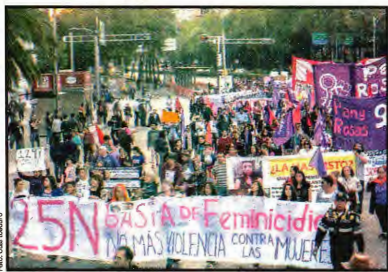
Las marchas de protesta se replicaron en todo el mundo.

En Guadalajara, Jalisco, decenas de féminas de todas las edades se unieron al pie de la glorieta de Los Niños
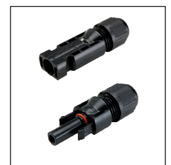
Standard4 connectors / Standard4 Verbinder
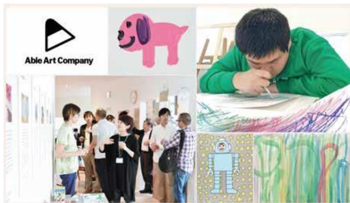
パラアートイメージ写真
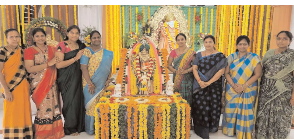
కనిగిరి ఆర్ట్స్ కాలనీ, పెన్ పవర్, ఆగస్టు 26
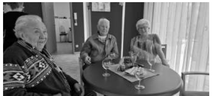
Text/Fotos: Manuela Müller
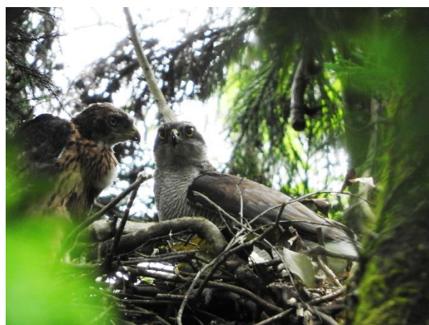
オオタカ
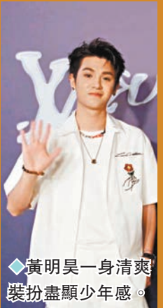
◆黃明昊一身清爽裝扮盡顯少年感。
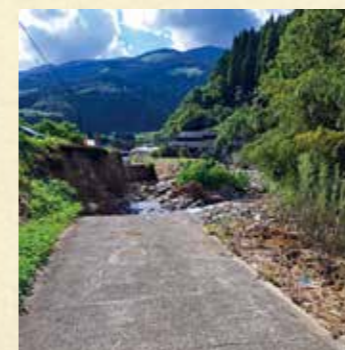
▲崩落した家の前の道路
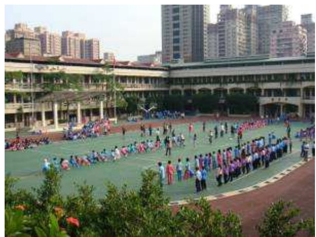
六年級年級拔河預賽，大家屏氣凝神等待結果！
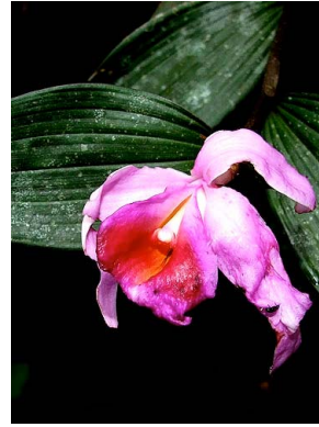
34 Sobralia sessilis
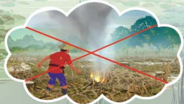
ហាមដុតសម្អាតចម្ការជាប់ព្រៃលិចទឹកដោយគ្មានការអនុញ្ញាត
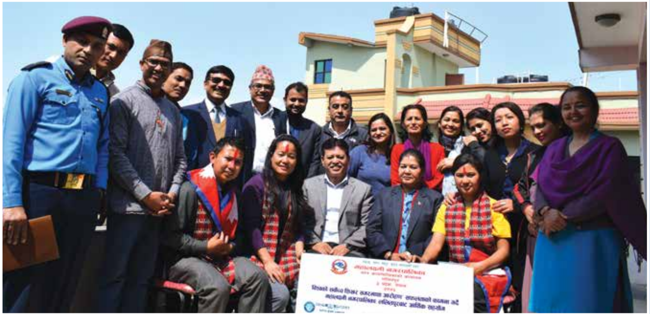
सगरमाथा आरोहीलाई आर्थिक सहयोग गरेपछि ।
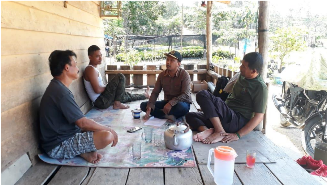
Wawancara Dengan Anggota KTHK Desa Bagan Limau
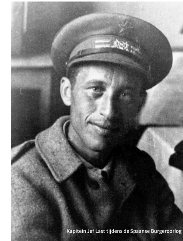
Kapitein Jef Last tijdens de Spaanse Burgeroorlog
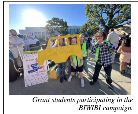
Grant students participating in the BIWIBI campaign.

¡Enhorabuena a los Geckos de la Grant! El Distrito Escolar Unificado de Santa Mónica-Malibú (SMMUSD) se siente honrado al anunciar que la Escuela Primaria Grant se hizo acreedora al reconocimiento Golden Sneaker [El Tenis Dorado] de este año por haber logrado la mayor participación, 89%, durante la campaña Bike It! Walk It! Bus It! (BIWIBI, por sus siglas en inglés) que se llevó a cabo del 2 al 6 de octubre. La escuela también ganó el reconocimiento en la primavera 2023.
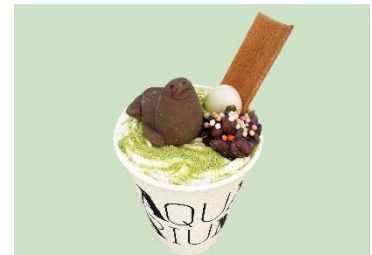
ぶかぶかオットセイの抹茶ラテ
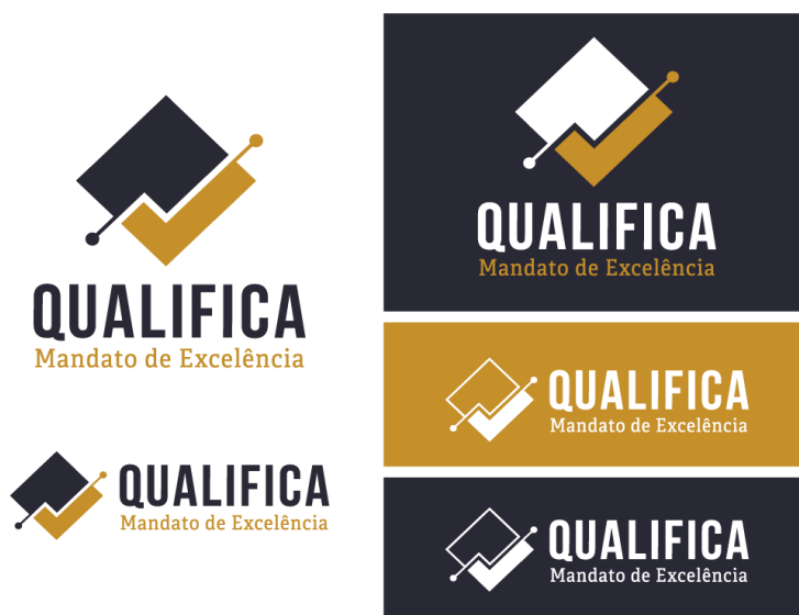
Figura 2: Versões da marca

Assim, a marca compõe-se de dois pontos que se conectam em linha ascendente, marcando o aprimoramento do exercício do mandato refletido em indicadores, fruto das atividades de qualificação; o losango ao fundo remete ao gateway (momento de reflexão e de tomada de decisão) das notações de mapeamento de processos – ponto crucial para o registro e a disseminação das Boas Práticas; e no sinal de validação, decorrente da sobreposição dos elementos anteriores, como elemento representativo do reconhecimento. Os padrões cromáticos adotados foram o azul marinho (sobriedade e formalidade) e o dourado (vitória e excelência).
┄┄┄┄┄┄┄┄┄┄
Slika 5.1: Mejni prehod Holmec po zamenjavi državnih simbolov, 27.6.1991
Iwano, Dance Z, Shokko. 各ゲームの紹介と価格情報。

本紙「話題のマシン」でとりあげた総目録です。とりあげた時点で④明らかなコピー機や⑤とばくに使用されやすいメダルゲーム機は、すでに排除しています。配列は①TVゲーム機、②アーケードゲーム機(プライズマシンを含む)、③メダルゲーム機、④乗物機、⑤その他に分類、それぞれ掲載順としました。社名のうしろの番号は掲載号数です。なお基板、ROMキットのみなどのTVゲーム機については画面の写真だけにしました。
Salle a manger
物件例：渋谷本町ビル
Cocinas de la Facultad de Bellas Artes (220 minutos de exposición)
┄┄┄┄┄┄┄┄┄┄
- _What the task requires_
Reproduce the records above exactly, but only from the line with "la primavera 2023." up to and including the line with "Figura 2: Versões da marca". Leave the pictures out.

- _Result_
¡Enhorabuena a los Geckos de la Grant! El Distrito Escolar Unificado de Santa Mónica-Malibú (SMMUSD) se siente honrado al anunciar que la Escuela Primaria Grant se hizo acreedora al reconocimiento Golden Sneaker [El Tenis Dorado] de este año por haber logrado la mayor participación, 89%, durante la campaña Bike It! Walk It! Bus It! (BIWIBI, por sus siglas en inglés) que se llevó a cabo del 2 al 6 de octubre. La escuela también ganó el reconocimiento en la primavera 2023.
ぶかぶかオットセイの抹茶ラテ
Figura 2: Versões da marca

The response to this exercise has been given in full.